Respect Is a Weak Portrait of the Hellaciously Strong Aretha Franklin

Aretha Franklin was a legend. But the new Franklin biopic, Respect, is a forgettable film that avoids the darker and more difficult parts of her life.

Jennifer Hudson as Aretha Franklin in Respect. (Quantrell D. Colbert / MGM)


Respect, the new biopic of legendary singer and “Queen of Soul” Aretha Franklin is, unfortunately, weak and forgettable. But it’s not the fault of Jennifer Hudson, chosen by Franklin herself to play her. Hudson works hard in the role, though her doe-eyed prettiness and softer vocal style take the edge off Franklin’s persona. The main problem is, even in a genre that’s long since become numbingly formulaic, this biopic plods through a rote narrative and makes Franklin’s life story seem somehow standardized, though it was anything but.
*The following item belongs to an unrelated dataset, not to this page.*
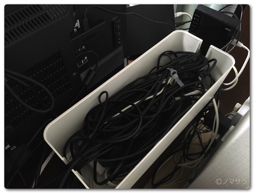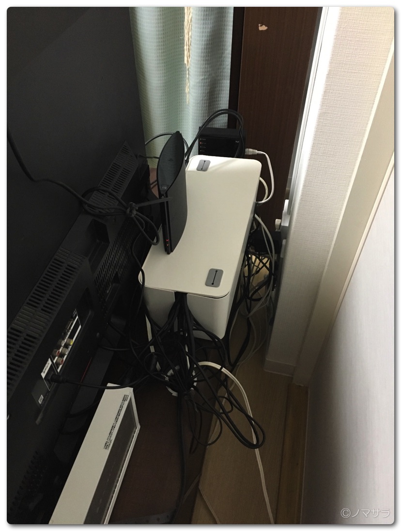 テレビ周りにはBDレコーダーをはじめ、録画用HDD、PS4、PSVR、NTTの光回線ルーター、Wi-Fiルーター、ニンテンドースイッチなど電源がいるものがたくさんありすごい状態になっていましたがケーブル収納ボックスに入れたら、相当スッキリしました。以前は床にケーブルがぐちゃぐちゃに這っていたのですが、それがすべてボックスの中に収まり妻もご満悦。

There’s the strangest kind of pussyfooting around the more shocking aspects of Franklin’s young life that one would assume would be the foundation of this movie. We get timid hints, such as the way ten-year-old Aretha (Skye Dakota Turner) is gotten up out of bed by her father, C. L. Franklin (Forest Whitaker), to belt out a song for the entertainment of rowdy (and frisky) party guests. This tame first scene hints at the notoriously orgiastic partying of Aretha’s father — the charismatic celebrity Pastor Franklin of the New Bethel Baptist Church in Detroit. Even Ray Charles, quite a player himself, called the congregation “a sex circus.”

At his peak in the 1950s, C. L. Franklin’s fame was so great that he commanded $4,000 per appearance at a time when the top act in the nation, Elvis Presley, got $7,500. Prominent black citizens flocked to him. Among his best friends was someone he mentored and supported through the civil rights movement, the Reverend Martin Luther King Jr (“Uncle Martin” to Aretha). Top black entertainers were friends and honorary family to the Franklins.